The sound design was created using ASMR techniques – autonomous sensory meridian response – soft, soothing, repetitive sounds and gestures with strong sensory associations that can evoke a bodily sense of well-being in those susceptible to it. Scenes of the woodcarver at work alternate with exterior shots, where the wind rustles through the trees just as gently. It was important, Claerbout says, that the film would have a tangible effect on its audience, not merely an intellectual one. ‘That may irritate art experts, but for my mother and my aunt and my uncle the film first had to be calming.’

This is also the paradox of the technology used: experiencing something that feels natural, yet is more artificial than one might wish to believe. According to Claerbout, this is because we live in an age of radical industrialisation in which everything forms part of the same system – even the slowing down we seek in order to escape it.

On closer inspection, the visual style of the film proves as frictionless as its sound design: light and colour were refined using an AI tool. At the same time, deliberate glitches appear – errors in the computer-generated imagery and AI hallucinations. The idyllic forest turns out to be a literal uncanny valley – a term for unsettling realism. Each time you look at the large glass matchbox from outside, you see the woodcarver in the distance ‘like a frozen, lifeless man’ behind the window. A little like a non-playable character in a video game – a figure not controlled by the player but by the game’s programme itself, perhaps endlessly sweeping in the background to make a scene appear more realistic. In this context, the short film Hardly Working (2022) by the Swiss collective Total Refusal is worth mentioning – it shows how the sole purpose of such virtual figures is to work, but only when they are being watched.

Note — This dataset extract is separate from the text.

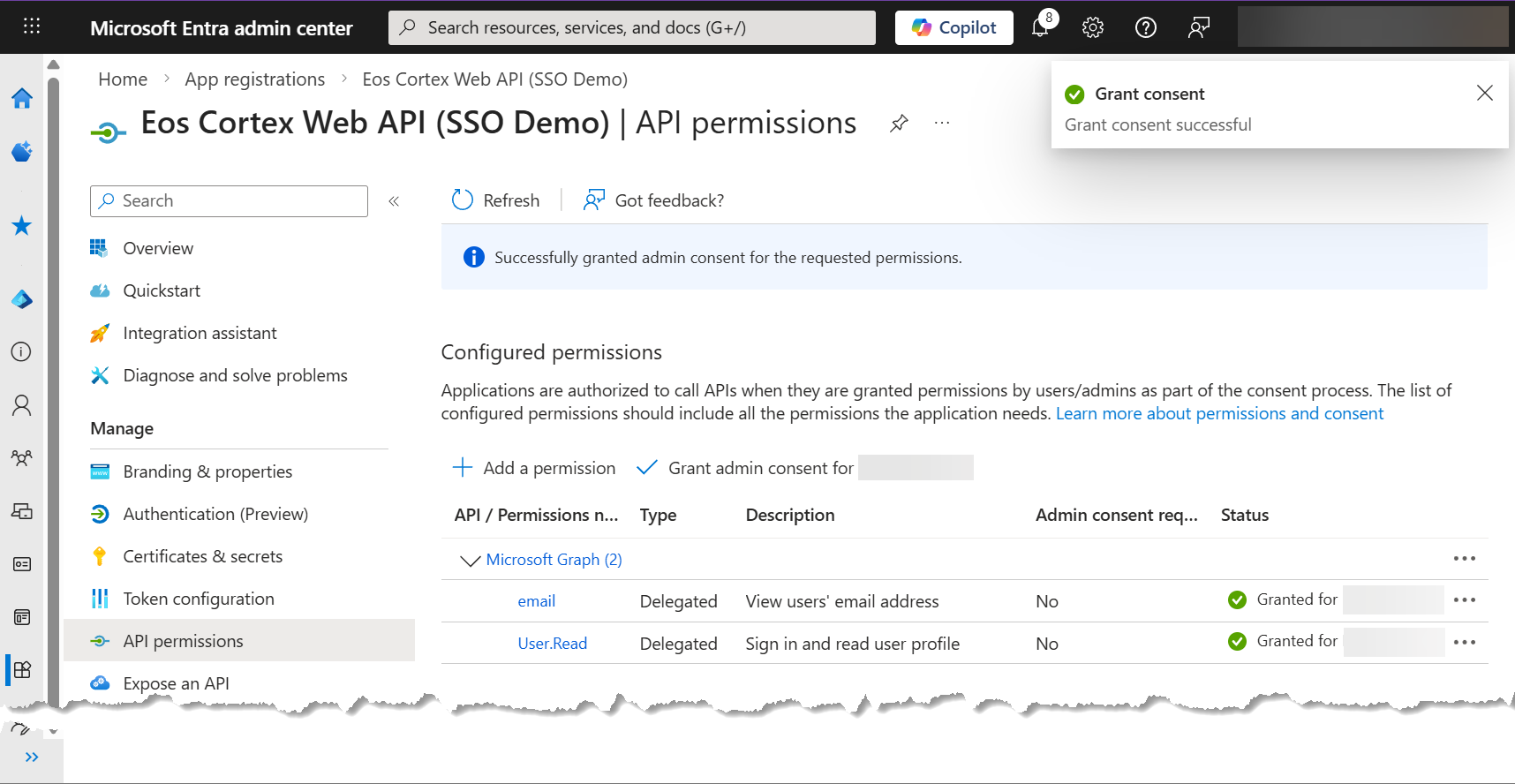 Throughout this solution, "Eos Cortex (SSO Demo)" and "Eos Cortex Web API (SSO Demo)" are used to clearly distinguish between the two Entra apps. These two apps may be named accordingly, to align with your company standard, etc.

David Claerbout_The Woodcarver and the Forest_GalerieAnnet Gelink
Fig 3. Installation view David Claerbout, The Woodcarver and the Forest, 2026, courtesy Annet Gelink Gallery, Amsterdam, foto: Michel Claus

Idealiter kijkt je met twee types aandacht naar het werk, hoopt Claerbout. ‘Enerzijds is er de associatie met return to nature, de weldaad van het hout, het tactiele, het oliën, die ASMR-geluiden, maar anderzijds gaat het ook over de manier waarop zelfs het archetype van de kluizenaar gecommodificeerd is. Wie leeft er nou zo teruggetrokken in het bos met als enige doel de bomen om te zetten in producten?’

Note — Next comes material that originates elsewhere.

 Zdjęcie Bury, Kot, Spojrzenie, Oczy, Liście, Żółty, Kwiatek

deally, Claerbout hopes, viewers approach the work with two kinds of attention. ‘On the one hand there is the association with a return to nature – the sensual pleasure of wood, the tactile quality, the oiling, those ASMR sounds – but on the other hand it is also about the way even the archetype of the hermit has been commodified. Who really lives so withdrawn in the forest with the sole aim of turning trees into products?’

It recalls what philosopher Mark Fisher called ‘precorporation’ – capitalism’s tendency to incorporate forms of opposition in advance, before they can pose a threat to the consumer society. Claerbout adds that our eyes play only a minimal role in perception, and that people have forgotten how to perceive in other ways.

One might say that in The Woodcarver and the Forest those glitches – the woodcarver jolting awake, the loop in which a trapped bird flutters hopelessly among the branches, the failed spoons, and the moments when the reassuring ASMR sounds create friction – function as emergency exits from the system. Proof that human consciousness is capable of balancing on the fault lines between the analogue and the digital. Without friction, there is no movement.

The Woodcarver and the Forest by David Claerbout is on view at Galerie Annet Gelink in Amsterdam until 21 March.